La Corte dei Conti accende i riflettori sui meccanismi di gestione dell'Ecobonus, il programma di incentivi per l'acquisto di veicoli elettrici e ibridi introdotto dalla legge di bilancio 2019. Nel suo rapporto approvato con Delibera 51/2026/G, l'organo di controllo contabile ha condotto un'inchiesta approfondita che coinvolge il Ministero delle Imprese e del Made in Italy, l'Agenzia delle Entrate e il Ministero delle Infrastrutture e Trasporti, evidenziando la necessità di semplificare l'accesso alle agevolazioni e di potenziare il monitoraggio dei risultati ambientali effettivi.
Gli incentivi in questione prevedono riduzioni sul prezzo di acquisto di vetture a basse emissioni di CO₂, spesso abbinate alla rottamazione di veicoli usati. I concessionari accreditati su una piattaforma dedicata applicano gli sconti ai clienti e vengono successivamente rimborsati dalle case produttrici attraverso un sistema di compensazione dei crediti d'imposta. Secondo l'analisi della Corte, il sistema ha registrato numeri considerevoli: 4.830 concessionari iscritti, oltre 1,3 milioni di prenotazioni e incentivi complessivi pari a 3 miliardi di euro nel periodo esaminato.

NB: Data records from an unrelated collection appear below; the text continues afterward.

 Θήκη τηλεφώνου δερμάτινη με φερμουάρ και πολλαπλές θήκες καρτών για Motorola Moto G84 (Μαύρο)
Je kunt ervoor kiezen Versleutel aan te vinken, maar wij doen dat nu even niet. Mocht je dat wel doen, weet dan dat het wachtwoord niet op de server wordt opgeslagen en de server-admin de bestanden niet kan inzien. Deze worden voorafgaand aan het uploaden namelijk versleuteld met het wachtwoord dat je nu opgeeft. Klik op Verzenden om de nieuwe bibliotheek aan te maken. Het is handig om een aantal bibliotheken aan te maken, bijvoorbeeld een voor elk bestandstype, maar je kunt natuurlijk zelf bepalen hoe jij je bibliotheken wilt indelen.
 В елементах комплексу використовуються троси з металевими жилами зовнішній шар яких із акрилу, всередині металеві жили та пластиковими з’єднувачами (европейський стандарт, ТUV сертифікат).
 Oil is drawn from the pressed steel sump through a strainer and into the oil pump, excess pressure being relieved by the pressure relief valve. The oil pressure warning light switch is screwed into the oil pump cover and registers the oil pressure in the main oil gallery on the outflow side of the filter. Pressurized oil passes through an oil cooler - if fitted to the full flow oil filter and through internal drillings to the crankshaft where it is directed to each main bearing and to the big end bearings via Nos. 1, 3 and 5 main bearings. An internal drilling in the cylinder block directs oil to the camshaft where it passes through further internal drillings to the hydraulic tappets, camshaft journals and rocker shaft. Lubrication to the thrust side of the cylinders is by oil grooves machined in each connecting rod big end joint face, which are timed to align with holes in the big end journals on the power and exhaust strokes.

Un capitolo critico riguarda il retrofit elettrico, cioè la conversione di motori termici al sistema elettrico. La Corte rileva che questa misura non ha mai decollato concretamente a causa di ostacoli di natura tecnica e dell'assenza di richieste significative da parte degli interessati. Parallelamente, l'indagine ha preso in esame l'Ecotassa, la tassa applicata dal marzo 2019 fino a tutto il 2021 sui veicoli nuovi particolarmente inquinanti, generando entrate pari a 132 milioni di euro.

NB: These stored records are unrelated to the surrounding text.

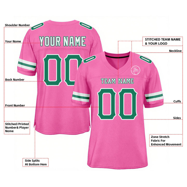 Custom Pink Kelly Green-White Mesh Classic Style Authentic Sports Football Jersey
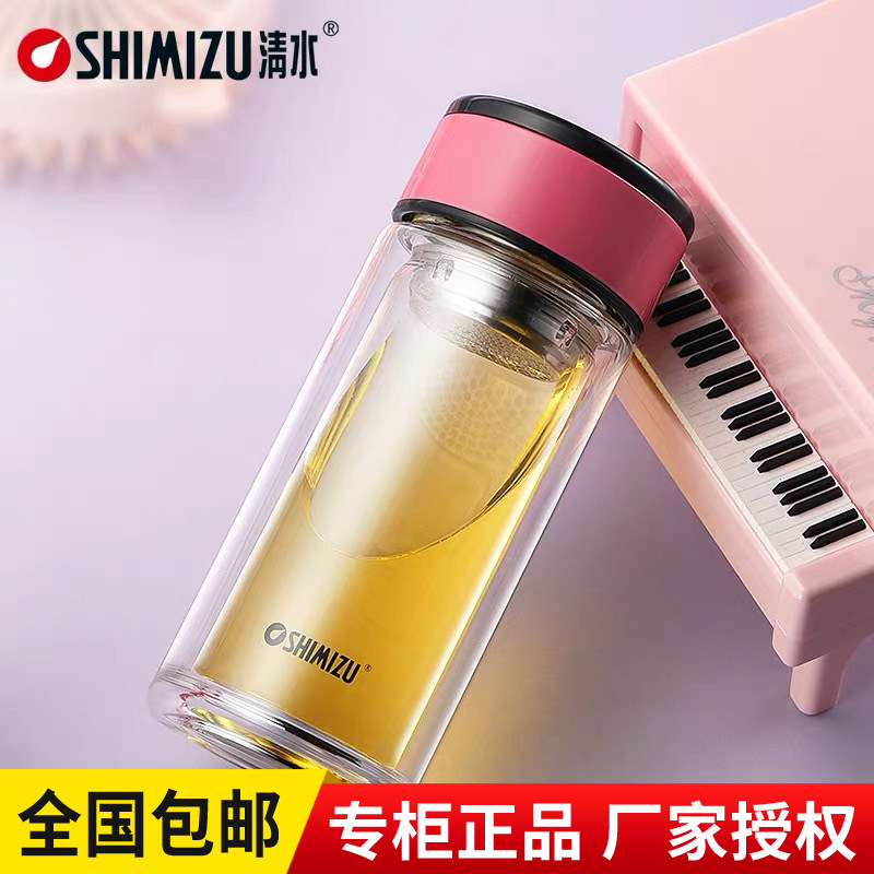 清水双层玻璃杯茶水分离泡茶杯家用水杯防烫隔热办公室杯子男女
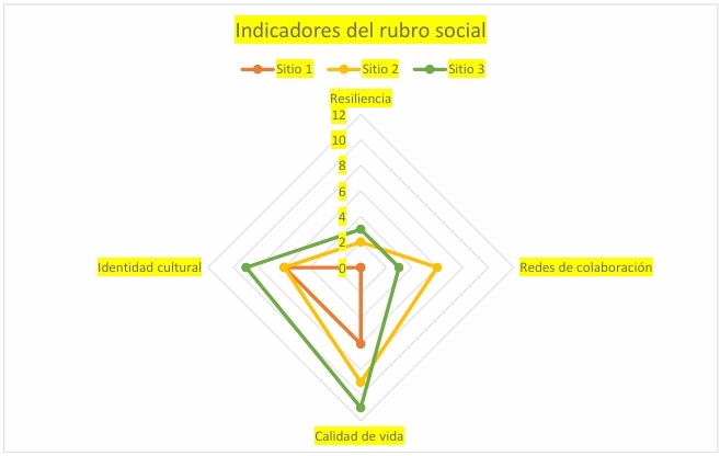 Los tres sitios obtuvieron un índice social (IS) promedio de 2.03, lo que indica que el nivel de sustentabilidad en este aspecto está por arriba del umbral (valor 2), por lo que todos son ligeramente sustentables (Tabla 10; Fig. 4). Sin embargo, el sitio con el índice social más alto fue el 3 (IS = 2.60), el cual, por sí solo, fue fuertemente sustentable, seguido del sitio 2 (IS = 2.30), que resultó ligerametne sustentable y por último el sitio 1 (IS = 1.20), catetgorizado como no sustentable.

La gestione operativa del programma, affidata ad Agenzie come Invitalia, è stata sottoposta a scrutinio per quanto riguarda la trasparenza, l'efficienza amministrativa e la capacità di garantire un reale controllo ambientale. Emerge dalla relazione la necessità di snellire le procedure burocratiche che attualmente ostacolano l'accesso agli incentivi, riducendo così anche i tempi di fruizione. Contemporaneamente, la Corte chiede un monitoraggio più rigoroso per verificare che le agevolazioni si traducano effettivamente in una riduzione delle emissioni e in un beneficio ambientale misurabile, evitando che gli aiuti si limitino a trasferimenti economici senza impatto reale sulla sostenibilità della mobilità.